Over the last several months I have talked with several people that can label themselves as “someone else’s horror story”. When someone else even thinks about empathizing with them, they say ‘I couldn’t even imagine’ or ‘I wouldn’t be able to keep moving forward’. Your child has a disease that is not curable, your little baby has cancer in their belly, you found out you or your partner needs to have major (life threatening) surgery, your house caught fire and you lost everything, your baby died. All really traumatic events. All things that other people have nightmares about. But what do you do with that?
“I am your horror story”
In talking with people going through these terrible situations, I feel there is some therapeutic value to pointing that out. You are having this terrible thing happen to you. Other people can’t empathize with you because they can’t put themselves in your shoes. You are dealing with this. You are surviving. Hell, you are getting out of bed everyday – most likely just because you have to – but you are.
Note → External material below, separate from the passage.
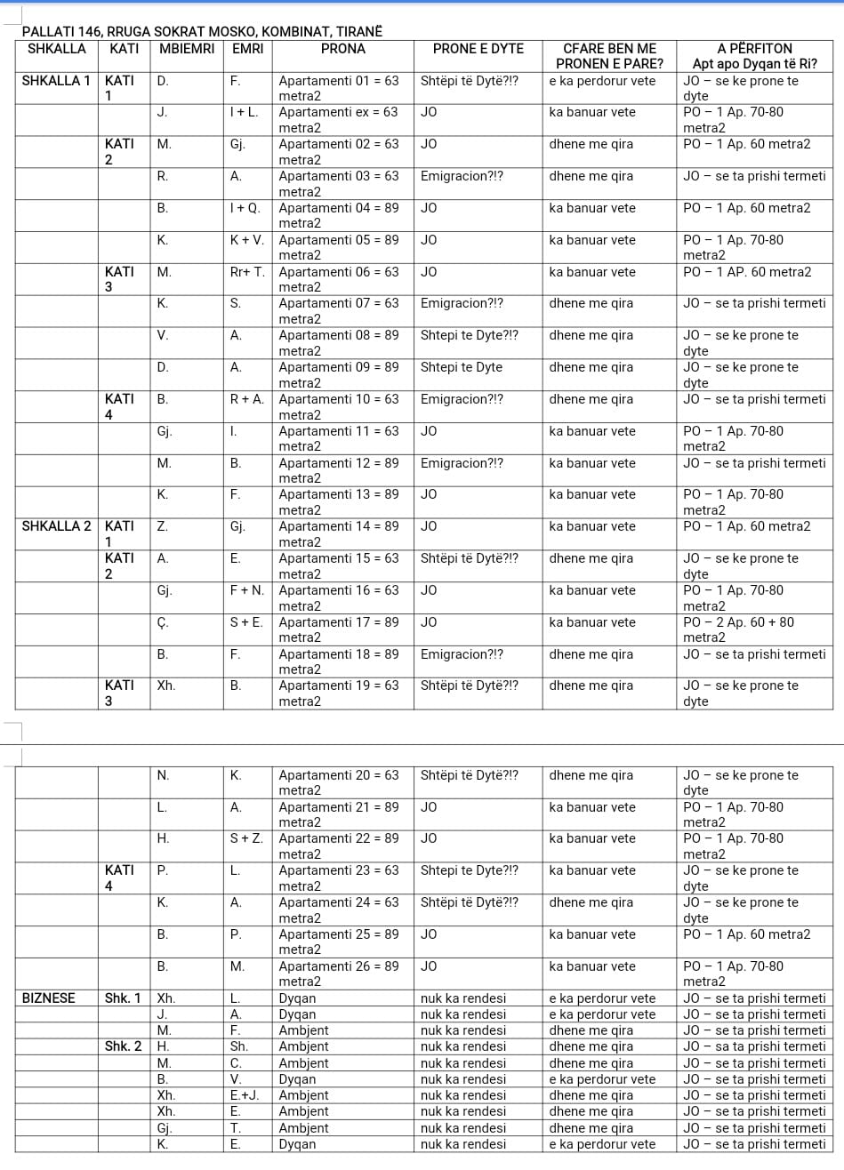 Pallati 146, në total ka 37 Pronarë, që kanë në pronësi afërsisht 2500 m2:

You are a survivor. At the moment it doesn’t feel like it. At the moment you can’t even remember what day it is or how long the laundry had been sitting in the washer. But you are doing it. Everyday.
“You are their horror story”
So now what. Do you talk to people about this situation or avoid it at all costs because you don’t want the look of fear? Do you avoid because you don’t want to have that awkward pause where the person is thinking of the worst response ever to your life?
My personal thought, is you tell them. And watch them squirm – and then inform them that the only appropriate response is “that sucks, I don’t even know what to say”.
You want to feel normal. You want to feel like everything will be ok. And eventually, it will. That’s how our brains work with trauma (if we work through it, rather than ignore it). Eventually, this situation will seem like a lifetime ago. Eventually, you will find a new normal and keep plugging along. Eventually, when the pain hurts so much you can barely breathe, you will think “Wow, I haven’t felt that in a while”.
No matter where you are in your grief process, know that it does get better. And know there is a tribe of others just like you – you are not alone.
“We are their horror story”
Take care of yourself – and each other.